Dancers in the Darkness
The dancer stumbles out the back door and into the alleyway. He leans against it, and as it closes the sounds of music and voices backstage die away. It’s dark outside, in the early hours of the morning, and the wind blowing through the alley is cold. It seems to go right through him, like there’s nothing there.
He fumbles in his bag for his pipe and lights it, cupping the little flame with his hand to protect it from the wind. He takes his thumb off the carb and inhales, doesn’t feel it. He tries again and sighs as the tangy smoke fills up his lungs.

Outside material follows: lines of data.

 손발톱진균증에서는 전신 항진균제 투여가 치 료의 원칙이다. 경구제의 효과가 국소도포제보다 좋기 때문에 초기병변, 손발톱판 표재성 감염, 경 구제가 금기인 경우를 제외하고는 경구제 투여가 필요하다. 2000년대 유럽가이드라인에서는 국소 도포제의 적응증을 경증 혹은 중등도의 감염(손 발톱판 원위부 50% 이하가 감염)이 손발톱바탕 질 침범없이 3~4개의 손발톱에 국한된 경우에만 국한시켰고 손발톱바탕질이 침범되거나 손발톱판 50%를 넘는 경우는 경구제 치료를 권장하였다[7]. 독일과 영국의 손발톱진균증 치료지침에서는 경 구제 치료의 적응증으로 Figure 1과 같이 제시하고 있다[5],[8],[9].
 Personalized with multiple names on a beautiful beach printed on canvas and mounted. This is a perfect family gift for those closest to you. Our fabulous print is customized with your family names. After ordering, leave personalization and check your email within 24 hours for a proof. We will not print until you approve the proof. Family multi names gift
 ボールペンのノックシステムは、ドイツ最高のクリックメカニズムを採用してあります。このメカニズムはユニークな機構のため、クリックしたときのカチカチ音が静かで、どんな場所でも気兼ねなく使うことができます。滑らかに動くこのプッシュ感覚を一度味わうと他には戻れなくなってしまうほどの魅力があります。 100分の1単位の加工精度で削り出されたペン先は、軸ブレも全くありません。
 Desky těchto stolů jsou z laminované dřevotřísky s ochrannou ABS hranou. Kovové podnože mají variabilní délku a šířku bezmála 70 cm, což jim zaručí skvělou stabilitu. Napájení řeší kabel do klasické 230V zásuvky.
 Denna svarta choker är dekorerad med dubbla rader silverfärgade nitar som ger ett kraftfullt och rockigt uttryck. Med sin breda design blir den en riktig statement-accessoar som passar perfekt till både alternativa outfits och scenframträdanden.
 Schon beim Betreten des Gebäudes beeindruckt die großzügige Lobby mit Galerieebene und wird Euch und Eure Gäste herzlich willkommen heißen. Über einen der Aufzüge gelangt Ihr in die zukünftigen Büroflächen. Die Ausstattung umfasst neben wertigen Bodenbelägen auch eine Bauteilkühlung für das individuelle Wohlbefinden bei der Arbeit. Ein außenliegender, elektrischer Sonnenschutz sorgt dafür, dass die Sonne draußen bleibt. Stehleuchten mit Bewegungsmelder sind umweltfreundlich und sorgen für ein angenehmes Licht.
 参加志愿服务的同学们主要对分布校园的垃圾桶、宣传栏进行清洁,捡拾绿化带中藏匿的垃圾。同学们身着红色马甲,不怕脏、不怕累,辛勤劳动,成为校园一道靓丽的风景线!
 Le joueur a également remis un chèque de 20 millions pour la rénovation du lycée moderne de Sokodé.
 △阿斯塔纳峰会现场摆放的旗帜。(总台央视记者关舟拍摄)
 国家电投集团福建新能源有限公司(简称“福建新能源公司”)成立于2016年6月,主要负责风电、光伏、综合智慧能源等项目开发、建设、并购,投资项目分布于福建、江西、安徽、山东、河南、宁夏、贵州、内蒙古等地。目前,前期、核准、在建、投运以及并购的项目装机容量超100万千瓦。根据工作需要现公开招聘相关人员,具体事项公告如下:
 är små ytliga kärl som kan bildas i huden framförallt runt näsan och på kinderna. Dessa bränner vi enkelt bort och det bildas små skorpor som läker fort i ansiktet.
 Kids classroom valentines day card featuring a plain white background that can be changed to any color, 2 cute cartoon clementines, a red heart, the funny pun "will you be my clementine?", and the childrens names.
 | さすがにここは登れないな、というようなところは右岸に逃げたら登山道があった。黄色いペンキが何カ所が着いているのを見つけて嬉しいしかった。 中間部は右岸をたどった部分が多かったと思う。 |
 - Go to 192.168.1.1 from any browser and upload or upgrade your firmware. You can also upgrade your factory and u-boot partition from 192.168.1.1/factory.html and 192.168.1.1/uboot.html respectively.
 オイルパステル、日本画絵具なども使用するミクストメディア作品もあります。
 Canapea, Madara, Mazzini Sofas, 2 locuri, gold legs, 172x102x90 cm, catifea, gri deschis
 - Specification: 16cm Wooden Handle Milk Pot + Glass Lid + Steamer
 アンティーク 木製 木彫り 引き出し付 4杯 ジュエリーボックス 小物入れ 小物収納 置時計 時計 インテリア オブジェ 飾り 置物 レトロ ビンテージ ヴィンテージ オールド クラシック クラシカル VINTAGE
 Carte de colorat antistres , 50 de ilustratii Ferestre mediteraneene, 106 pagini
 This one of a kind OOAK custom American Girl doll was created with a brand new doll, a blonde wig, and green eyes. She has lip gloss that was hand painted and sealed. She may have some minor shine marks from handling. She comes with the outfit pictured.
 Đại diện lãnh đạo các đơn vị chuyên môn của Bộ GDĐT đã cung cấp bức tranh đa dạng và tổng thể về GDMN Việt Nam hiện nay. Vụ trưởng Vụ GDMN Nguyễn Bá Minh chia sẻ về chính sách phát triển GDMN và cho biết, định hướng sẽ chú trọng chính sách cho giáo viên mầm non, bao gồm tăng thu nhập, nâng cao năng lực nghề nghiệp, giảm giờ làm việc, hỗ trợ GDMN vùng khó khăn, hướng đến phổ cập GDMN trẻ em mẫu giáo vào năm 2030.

He pulls one knee up to his chest and puts a chilly hand to his hot forehead. The tiredness is in his muscles and bones, between his ligaments, spread across his skin, it’s so heavy. He turns up his collar and takes another drag. It smolders red, then goes out again, leaving him in inky darkness except for the thin rectangle of light coming from under the door.
When he was fifteen he’d entered a dancing contest as a joke and won a six hundred dollar scholarship. This was with no practice, no instruction. After that his mom had rushed him into classes and lessons, and he’d excelled. He was lithe and flexible, and when he heard the music he had an intuitive sense of what would be beautiful. Ballet, tap, ballroom, tango, modern: nothing was beyond his grasp. By the time he reached adulthood he was supporting his mom almost entirely; they’d moved from living in a trailer park to a well-furnished apartment in the city.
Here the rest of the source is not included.